TARSU: quando la riduzione del tributo è legittima?

In Fisco e contabilità
Cassazione civile, sezione tributaria, ordinanza n.22531 del 29/09/2017 [Leggi provvedimento]
Redatto dalla Dott.ssa Benedetta Capone

La Corte di Cassazione Sezione Tributaria, con ordinanza 29/09/2017 n. 22531, ha statuito che contribuenti e imprese hanno il diritto alla riduzione della tariffa sui rifiuti nel caso in cui subiscano disfunzioni, protratte nel tempo, del servizio pubblico di raccolta.

Questo è quanto affermato dalla Suprema Corte in relazione al ricorso proposto da una società napoletana avverso la sentenza della Commissione Tributaria Regionale, che aveva ritenuto legittimo l’avviso di pagamento Tarsu 2008 notificato alla ricorrente per conto del Comune di Napoli.

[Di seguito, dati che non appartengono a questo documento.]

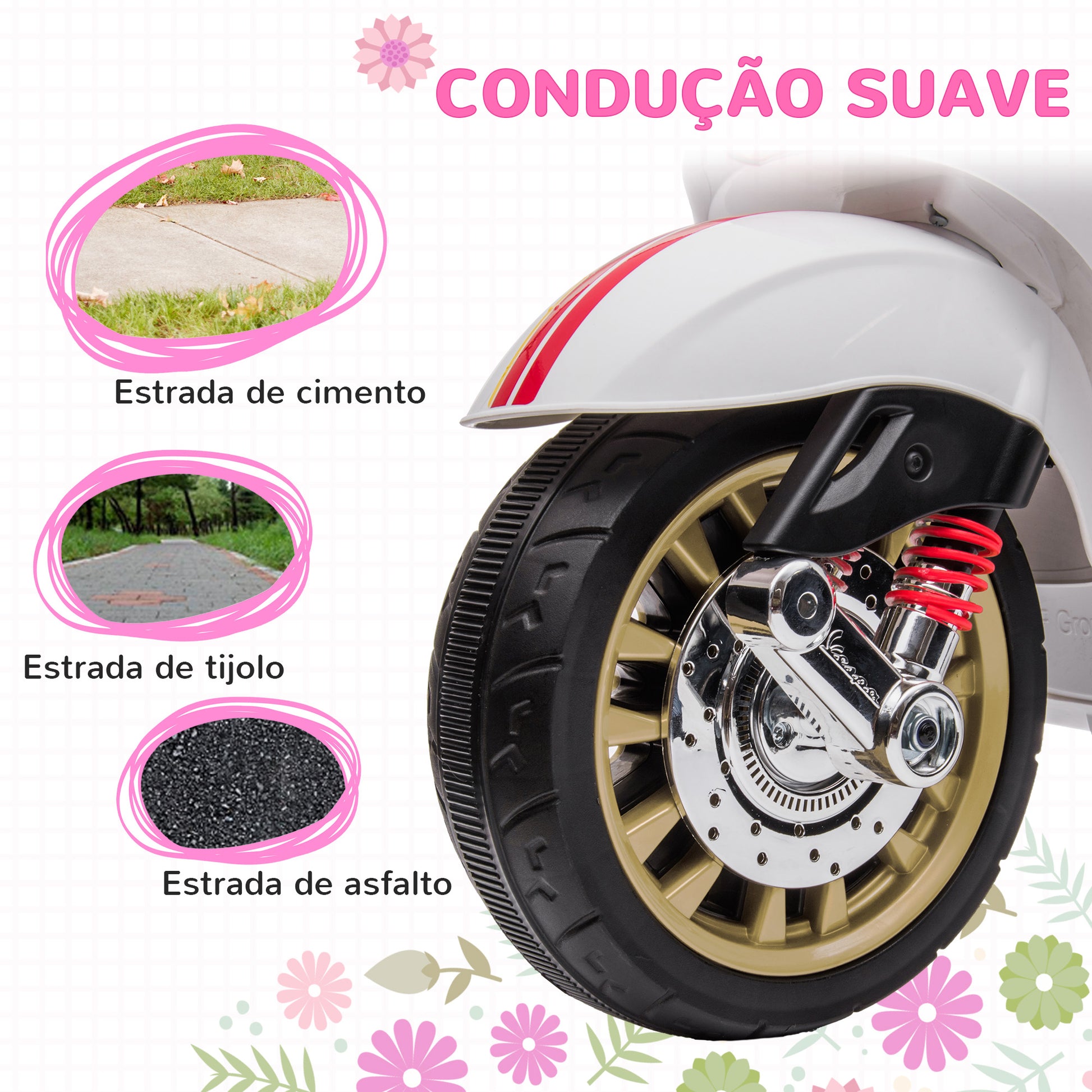 A Vespa de 6V licenciada oferece um design autêntico e seguro, com indicador de bateria restante para garantir que a diversão nunca acabe. Requer montagem e inclui manual de instruções para facilitar a experiência.
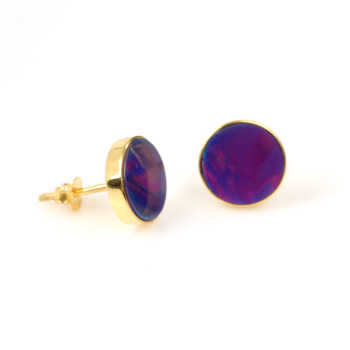 High Selling 18K Gold 925 Sterling Silver Stud Earrings Handcrafted Flat Solid Synthetic Purple Opal Gemstone for Party Fine
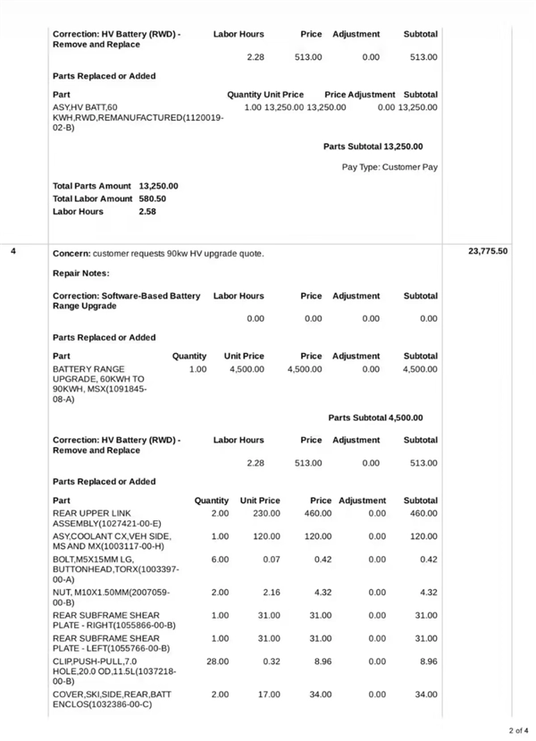 他前往美国威斯康星州麦迪逊的特斯拉服务中心进行维修,特斯拉给出了两个方案:一是更换同款60kWh电池包,二是升级为90kWh电池包。
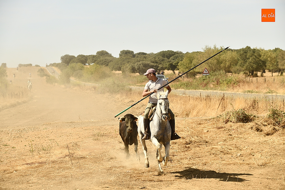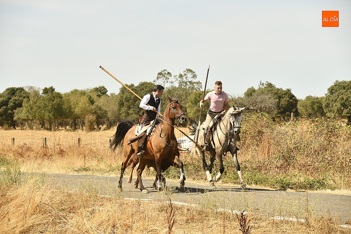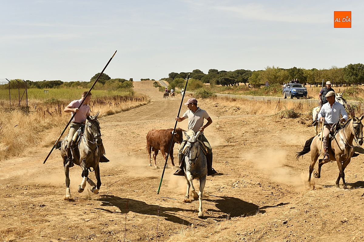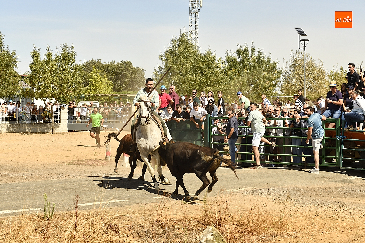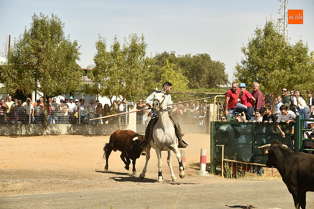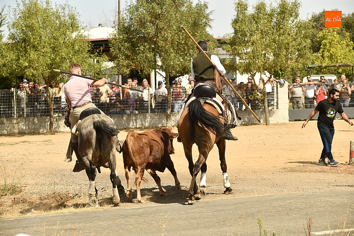 La mañana del sábado amaneció con un sol generoso y un aire todavía templado, preludio del otoño que ya asoma en los campos salmantinos. En Aldehuela de Yeltes, la jornada se presentaba marcada por la tradición: las fiestas en honor al Cristo de la Laguna, marcada por con un encierro a caballo en la mañana sabatina.
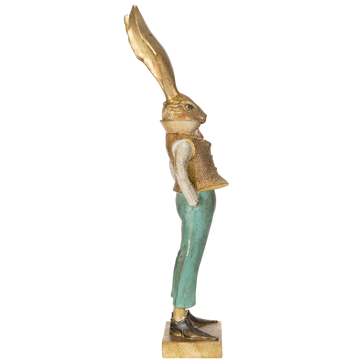 Diese Hasenfigur besticht durch ihr harmonisch abgestimmtes Design. Der warme Braunton des Körpers und das zarte Grün der Hose schaffen einen angenehmen Kontrast, der zugleich modern und zeitlos wirkt. Besonders die polierten Details des Polystones lassen diese Figur kräftig und lebendig erscheinen. Haben Sie schon bemerkt, wie liebevoll die kleinen Akzente gesetzt sind? Vom charmanten Gesichtsausdruck bis hin zu den goldenen Akzenten auf seinem Outfit – hier trifft klassische Osterdeko auf modernen Chic.
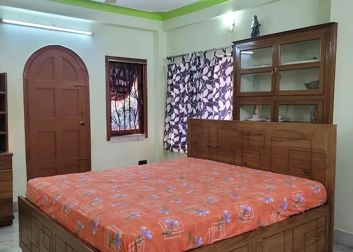In der 95 m² großen Ferienwohnung Flat 3, Kamala Bhavan finden Sie eine komplette Küche. Die nahe gelegene Hungree Restaurant und Cheenikum Restaurant Cum Bar sind in 9 Minuten zu Fuß zu erreichen. Die Bushaltestelle Bosepukur Shitalamandir liegt in der Nähe von diesem 1-Zimmer-Apartment.
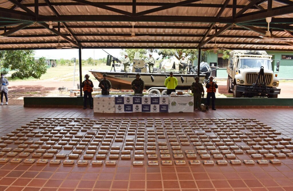 En desarrollo de operaciones fluviales conjuntas entre unidades de la Armada de Colombia, el Ejército Nacional de Colombia y la Fuerza Aeroespacial Colombiana, fueron incautados 464 kilogramos de clorhidrato de cocaína cerca de la ribera del río Meta, en área general de Cravo Norte – Arauca.
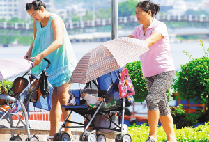 7月19日,刚刚入伏的鹿城三亚热浪灼人,给市民出行带来了极大不便。图为带着婴儿上街的家长用太阳伞为孩子遮挡烈日。 特约记者孙清 摄影报道
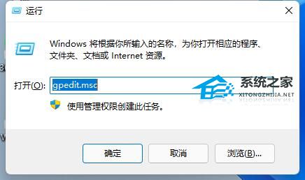 2. 在运行窗口中输入“gpedit.msc”,回车打开。
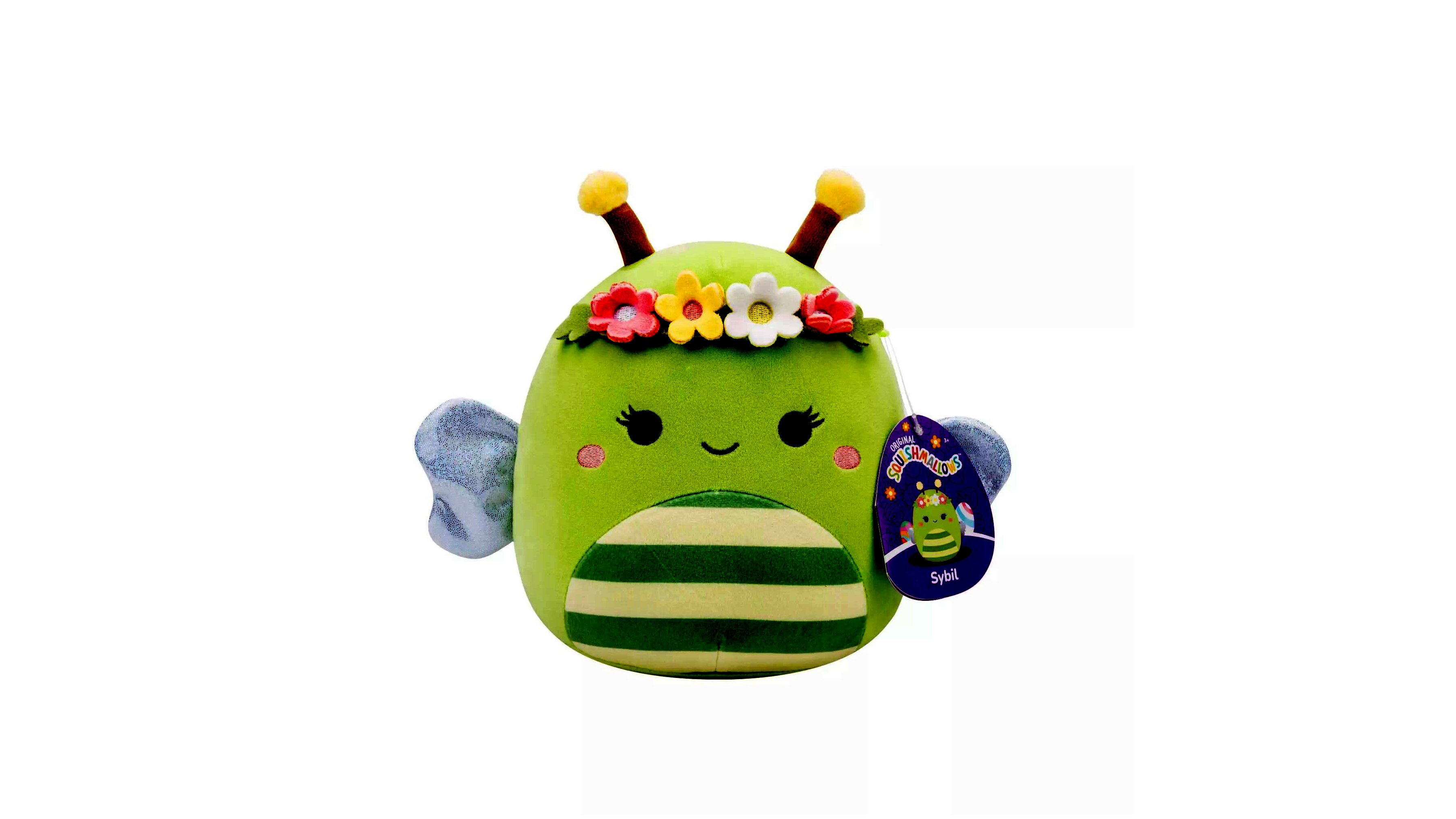 Squishmallows, Sybil a zöld méhecske virágkoronával, 20 cm
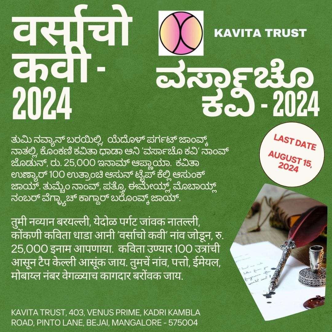 24 ವೀಜ್ ಕ ೊಂಕಣಿ ಕವತಾ ತುಂಅಮ್ರ್ ಮ್ಲಿಾನ್ದರೆಬಯ್್ ಪ್ಡ್್ಂ ಹಾಂವ್ನ ಮೊೀಗರ್ಕವತಚಾೊ . ಜಾಲಂ ಸ್ವಂಗತ್ಣ್ ಮ್ಾಜಾೊ ಜಿವತಾಚೆೊಂ. ಕವತಾ ಮ್ಾಜಾೊ ಮೊಗಚೆಂ. ತುಜೆವಣ್ಣಂಜಿಯ್ಲಂವ್ಡಯ ತರಿೀ ಕಶಂ? ಕವತಾಮ್ಾಕಾ ಜಿವತ್ದಿಂವ್ಡಯ . ಕವತಾವಣ್ಣಂಜಿೀವ್ನ್ಹಂರಿತಂ. ಮ್ಾಜಾೊ ಸವಪಾಾಂಚಿ ರಾಣ್ ತಂ. ಕವತಾಮ್ಾಜಾೊ ಜಿೀರ್ವಚೊಸ್ವವಸ್, ಸದಂಚ್ದಿತಾ ಉಲ್ಸ್. ಕವತಾಮ್ಾಕಾ ಜಿವತ್ದಿಂವ್ಡಯ . ಕವ ರಸ್ಕಾಂಕ್ ತುಂ ಪ್ರೀರಣ್. ತುಕಾ ನ್ಂ ಮ್ರಣ್. ಭೊಗಾಂಚೆಂತುಂಭಂಡ್ರ್. ಕವತಾ ತುಂಸದಂಚ್ಅಮ್ರ್. ಕವತಾಮ್ಾಕಾ ಜಿವತ್ದಿಂವ್ಡಯ . ಉತಾರಂತುಜಿಂ ಮೊರ್ವಳ್. ಅಮ್ಯಾಂಕತಾಾಯ್ಜಿರ್ವಳ್. ರಾಗ್ಅಯಾ್ೊರ್ ವಕಾಳ್. ತುಂಹಾಸ್ವೊಸಪದ್,ಮ್ಯರ್ಮಾಕ್. ಭೊಗಾ ತುಜಿಂ ಜಾಯ್ನ ಪಾರ್ಾಂಕ್. ಕವತಾ ತುಂಮ್ಾಕಾಂಜಿವತ್ದಿಂವ್ಡಯ . ಸಬಾಧಂಚಿತುಂಶಿಂಕಾಲ್. ಮೊತ್ಯಾಂಚೊಸರ್. ತುಂಕಶಂಯ್ವುರೊಂ. ಸದಂಚ್ಮ್ಾಜೆೊಂಗೊ ತುಂಕವತಾತುಂಅಮ್ರ್, ಕವತಾತುಂಅಮ್ರ್.

Nel primo motivo di ricorso, la società ha lamentato l’errata valutazione di legittimità del D.Lgs. n.507 1993 (il decreto in questione contiene la disciplina in tema TARSU), sulla diversificazione tariffaria tra locali ad uso alberghiero e locali ad uso abitativo, in realtà accomunati dalla legge. Ciò, secondo la ricorrente, avrebbe comportato una tariffa in misura di molto eccedente la maggior produzione di rifiuti, concretizzando la violazione del principio UE “chi inquina paga”.

La Cassazione, tuttavia, ha ritenuto infondato tale motivo di ricorso e avallato la tesi sostenuta da un orientamento giurisprudenziale secondo cui è legittima una tassa calcolata in base ad una stima del volume dei rifiuti e non sulla base del quantitativo effettivamente prodotto; cosi come è legittima la delibera comunale di approvazione del regolamento sulla differenziazione tariffaria tra case civili e alberghi, i quali vengono assoggettati ad una tariffa notevolmente superiore, sulla base della loro maggiore capacità produttiva.

Il secondo motivo di ricorso ha rappresentato poi il punto principale su cui la Cassazione ha fondato la sua decisione.

La società ricorrente, infatti, si doleva del fatto che la Commissione Tributaria Regionale non avrebbe riconosciuto l’applicazione dell’art.59 riguardante la riduzione del tributo fino al 40% della tariffa, in conseguenza delle notorie e protratte disfunzioni nella raccolta dei rifiuti nella città di Napoli.

Ebbene la Corte ha ritenuto fondato tale motivo in virtù di quanto sancito dal comma 4 dell’art. 59 del decreto, il quale afferma che “se il servizio di raccolta non si è svolto nella zona di residenza o di dimora (…) o è effettuato in grave violazione delle prescrizioni del regolamento il tributo è dovuto nella misura ridotta (..)”.

Nel caso di specie, la Commissione aveva escluso il diritto di riduzione ritenendo che il disservizio del servizio pubblico di raccolta non fosse imputabile alla responsabilità del Comune.

Al contrario, la Cassazione ha ritenuto che tale ratio decidendi fosse errata perché basata su un elemento, quale la responsabilità dell’amministrazione comunale, non previsto dalla legge nella fattispecie di riduzione. In proposito la Suprema Corte ha, altresì, rilevato come il comma 6 dell’art 59 escluda l’esonero o la riduzione del tributo solo in caso di interruzione del servizio temporanea e dovuta a motivi sindacali o ad imprevedibili impedimenti organizzativi.

Dal canto suo il Comune di Napoli nel controricorso ha evidenziato l’imprevedibilità e, dunque, la non imputabilità della disfunzione e richiamato l’art. 9 del Regolamento Tarsu del Comune di Napoli, secondo cui il cittadino deve pagare la tassa per intero qualora il disservizio fosse stato determinato “da situazioni emergenziali”.

Ma la Corte ha considerato il requisito di non prevedibilità dell’evento estraneo alla fattispecie della riduzione ed ha, quindi, sconfessato le argomentazioni prospettate dal Comune di Napoli a sostegno della propria tesi difensiva.

In definitiva, gli ermellini hanno dunque accolto il secondo motivo di ricorso, cassato la sentenza e stabilito che in tali circostanze di disfunzione del servizio vige il diritto del contribuente alla riduzione.